PROVIDED DATA:
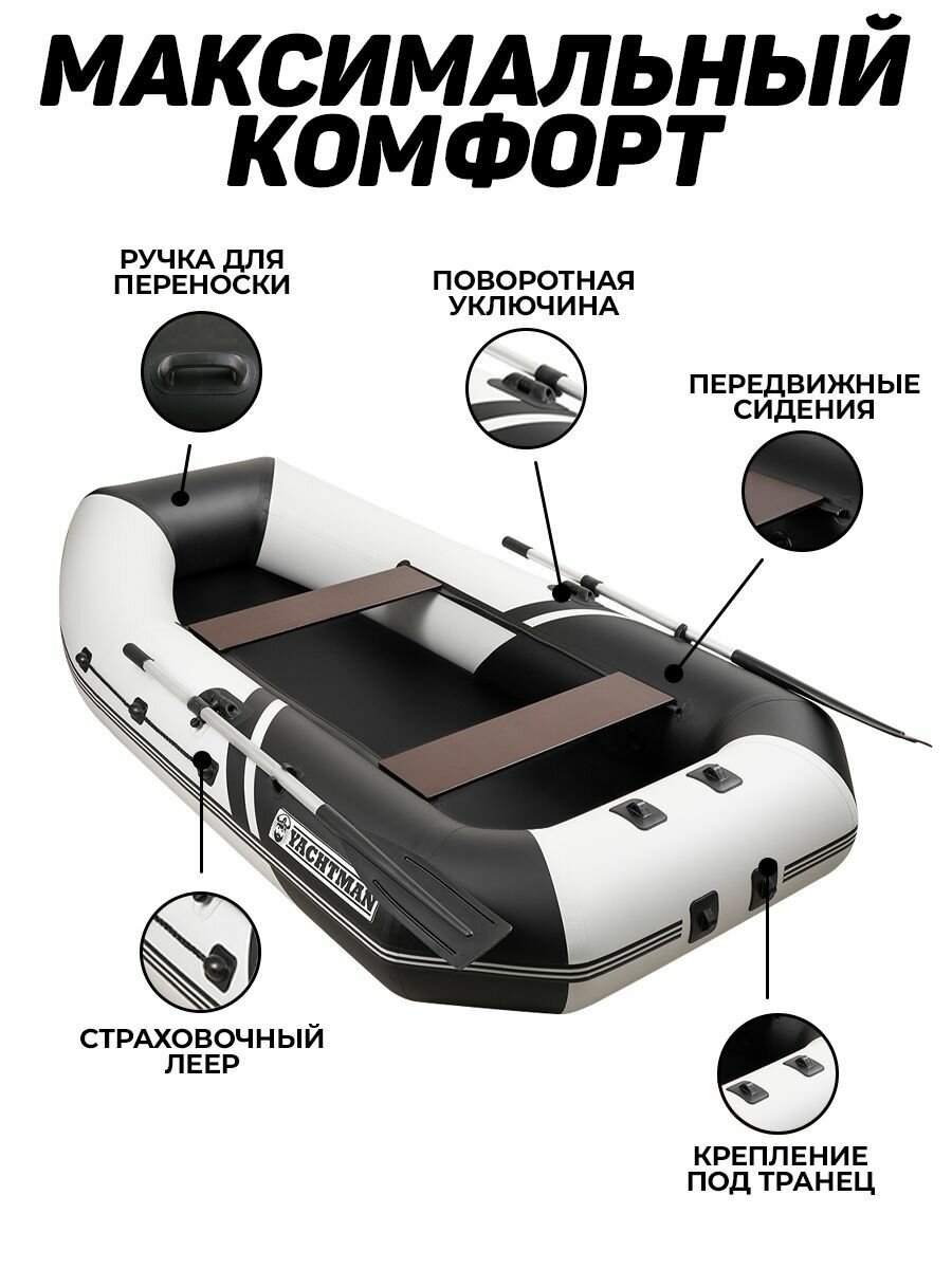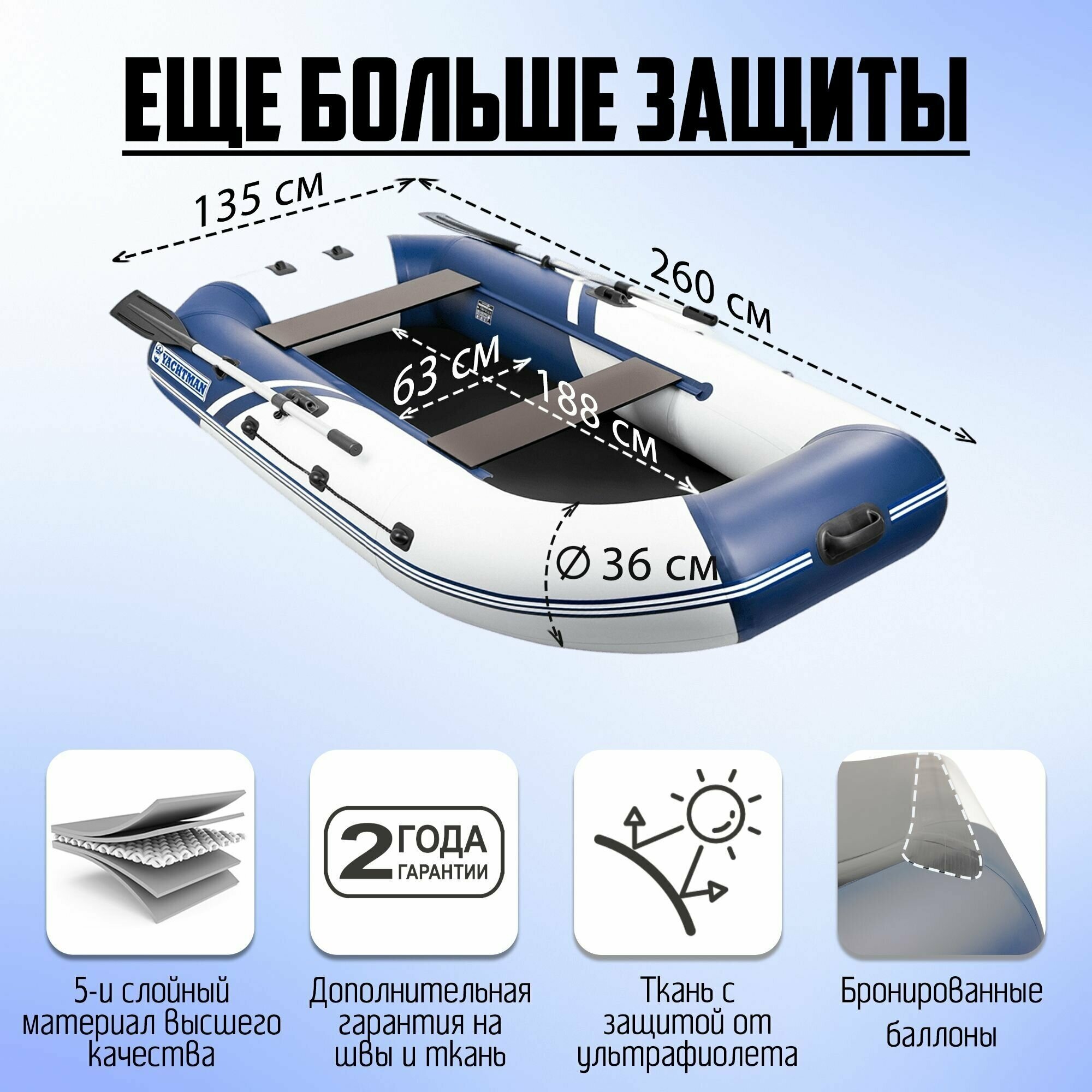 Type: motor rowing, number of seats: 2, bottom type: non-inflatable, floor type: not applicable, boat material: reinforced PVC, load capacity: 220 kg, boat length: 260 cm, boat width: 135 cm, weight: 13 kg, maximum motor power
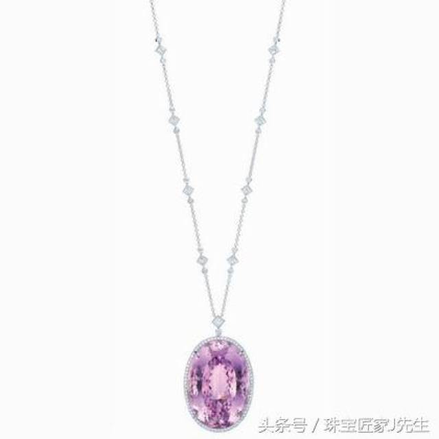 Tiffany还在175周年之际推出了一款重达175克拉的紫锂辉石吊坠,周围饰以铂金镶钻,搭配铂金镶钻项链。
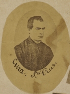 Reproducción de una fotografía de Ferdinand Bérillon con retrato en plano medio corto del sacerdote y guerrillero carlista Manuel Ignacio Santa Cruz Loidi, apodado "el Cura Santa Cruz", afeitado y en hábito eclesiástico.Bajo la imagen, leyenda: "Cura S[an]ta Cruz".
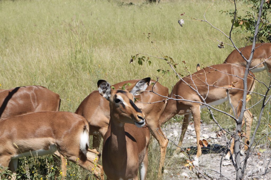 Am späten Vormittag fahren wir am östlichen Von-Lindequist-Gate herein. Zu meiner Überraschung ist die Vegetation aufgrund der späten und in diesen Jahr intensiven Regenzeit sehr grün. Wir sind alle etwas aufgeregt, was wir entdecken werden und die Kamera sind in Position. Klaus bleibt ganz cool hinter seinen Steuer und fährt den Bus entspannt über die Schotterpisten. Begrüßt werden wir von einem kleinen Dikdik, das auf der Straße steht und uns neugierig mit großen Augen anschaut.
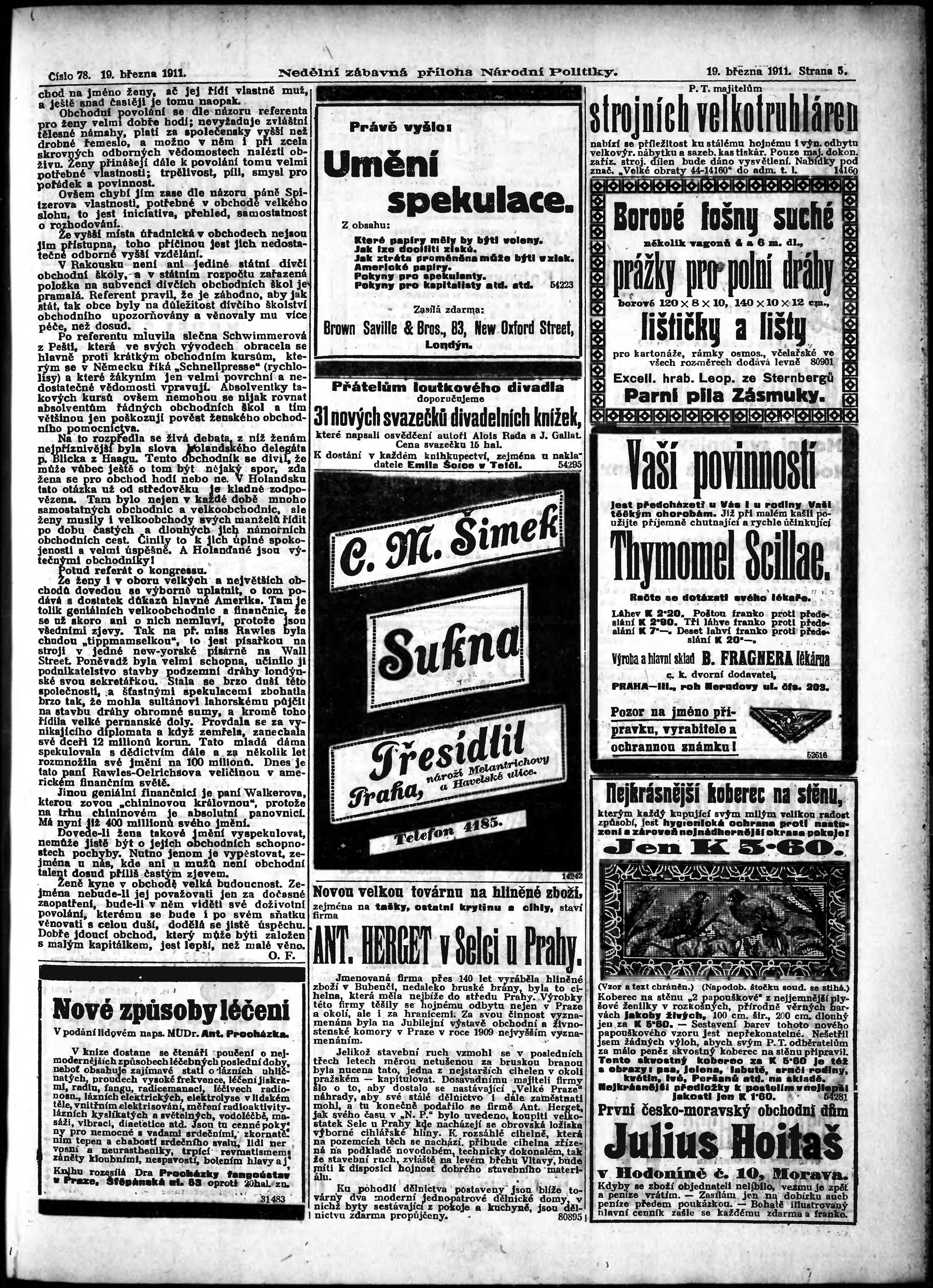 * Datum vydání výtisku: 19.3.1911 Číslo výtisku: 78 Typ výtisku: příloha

---

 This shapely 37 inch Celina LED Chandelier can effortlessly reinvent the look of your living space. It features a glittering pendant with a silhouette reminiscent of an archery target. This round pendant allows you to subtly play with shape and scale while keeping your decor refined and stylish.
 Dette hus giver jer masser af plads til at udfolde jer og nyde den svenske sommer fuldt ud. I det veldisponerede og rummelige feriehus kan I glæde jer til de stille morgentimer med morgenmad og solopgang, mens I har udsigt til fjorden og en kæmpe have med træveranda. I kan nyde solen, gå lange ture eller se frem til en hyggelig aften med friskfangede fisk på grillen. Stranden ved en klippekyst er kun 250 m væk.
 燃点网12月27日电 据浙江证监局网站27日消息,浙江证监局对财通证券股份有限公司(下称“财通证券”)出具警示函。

* * *

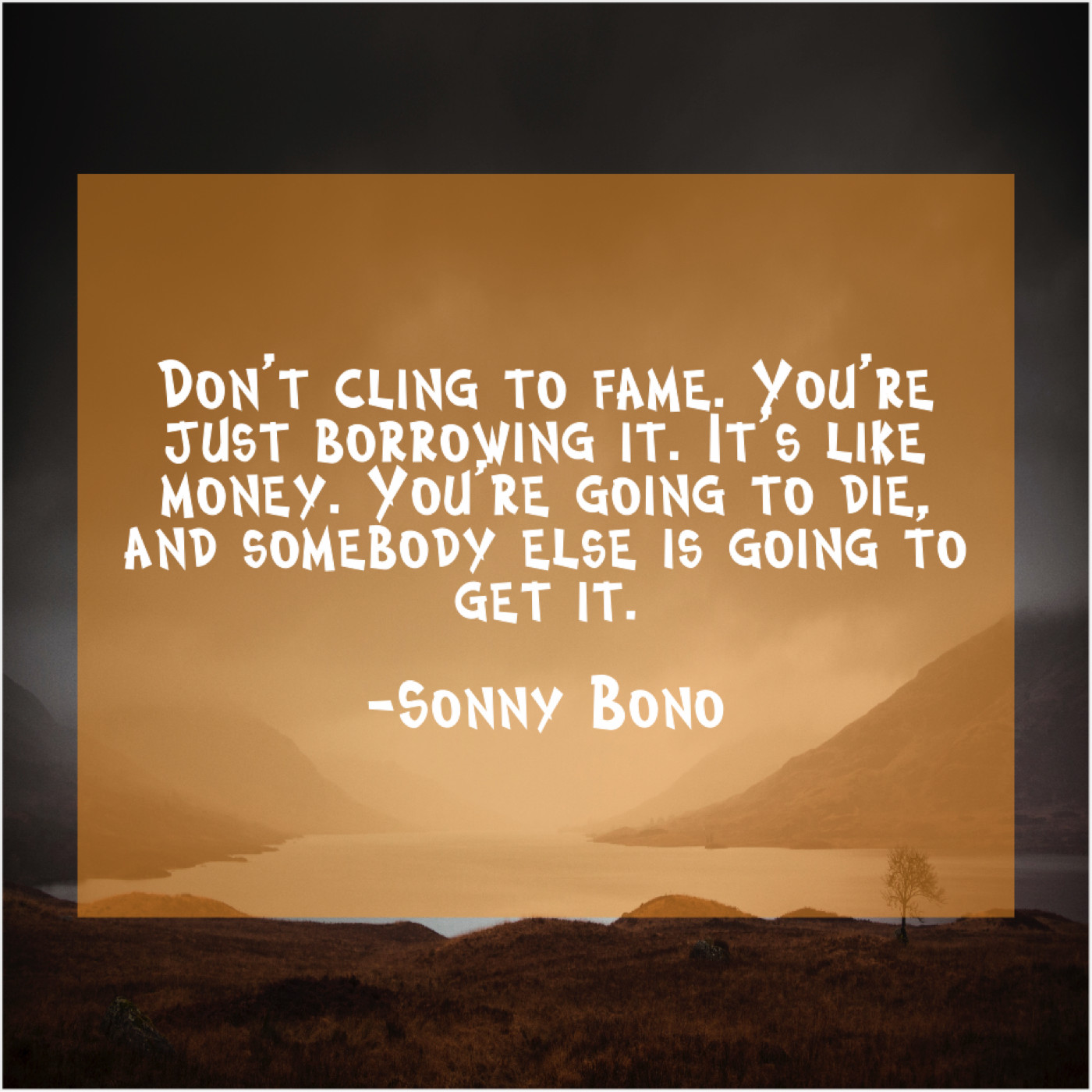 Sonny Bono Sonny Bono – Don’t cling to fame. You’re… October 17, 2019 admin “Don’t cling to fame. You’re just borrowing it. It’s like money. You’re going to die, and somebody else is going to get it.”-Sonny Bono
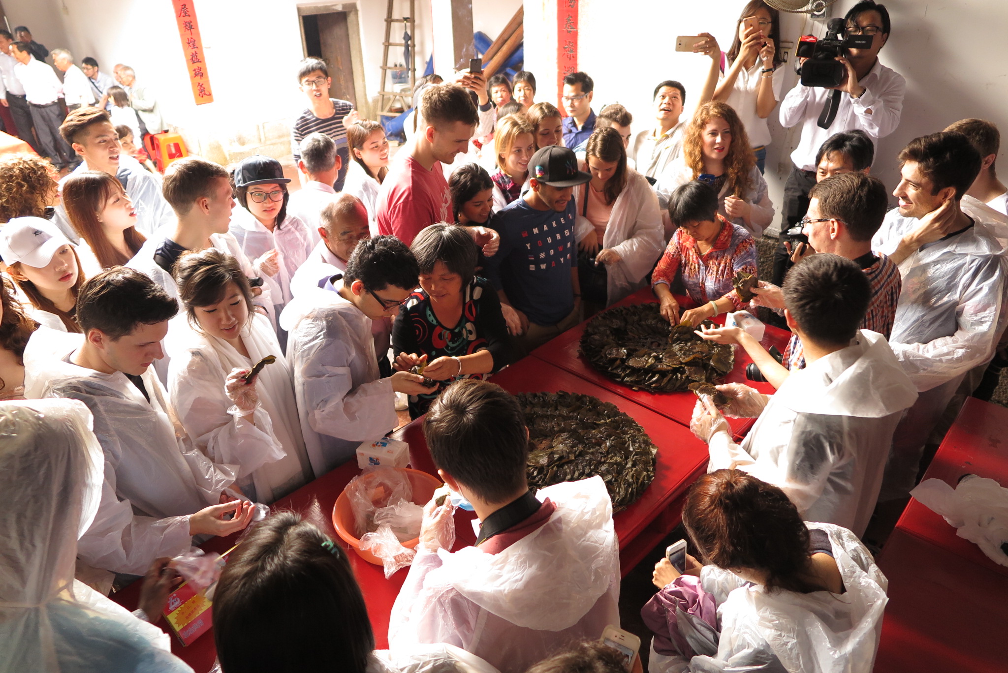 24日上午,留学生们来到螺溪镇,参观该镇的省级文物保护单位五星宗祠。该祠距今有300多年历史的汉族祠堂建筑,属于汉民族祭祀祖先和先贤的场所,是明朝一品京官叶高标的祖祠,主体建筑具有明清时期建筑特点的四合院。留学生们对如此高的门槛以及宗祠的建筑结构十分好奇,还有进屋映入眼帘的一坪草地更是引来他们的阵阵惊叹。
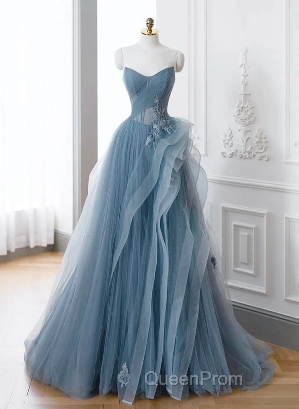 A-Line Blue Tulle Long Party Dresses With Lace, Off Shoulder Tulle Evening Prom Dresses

WHAT YOU NEED TO DO: Skip every picture, and restate word for word only the lines above from the line containing "Type: motor rowing, number" to the line containing "Reproducción de una", both of them included.

SOLUTION FOR THIS EXERCISE:
 Type: motor rowing, number of seats: 2, bottom type: non-inflatable, floor type: not applicable, boat material: reinforced PVC, load capacity: 220 kg, boat length: 260 cm, boat width: 135 cm, weight: 13 kg, maximum motor power
 Tiffany还在175周年之际推出了一款重达175克拉的紫锂辉石吊坠,周围饰以铂金镶钻,搭配铂金镶钻项链。
 Reproducción de una fotografía de Ferdinand Bérillon con retrato en plano medio corto del sacerdote y guerrillero carlista Manuel Ignacio Santa Cruz Loidi, apodado "el Cura Santa Cruz", afeitado y en hábito eclesiástico.Bajo la imagen, leyenda: "Cura S[an]ta Cruz".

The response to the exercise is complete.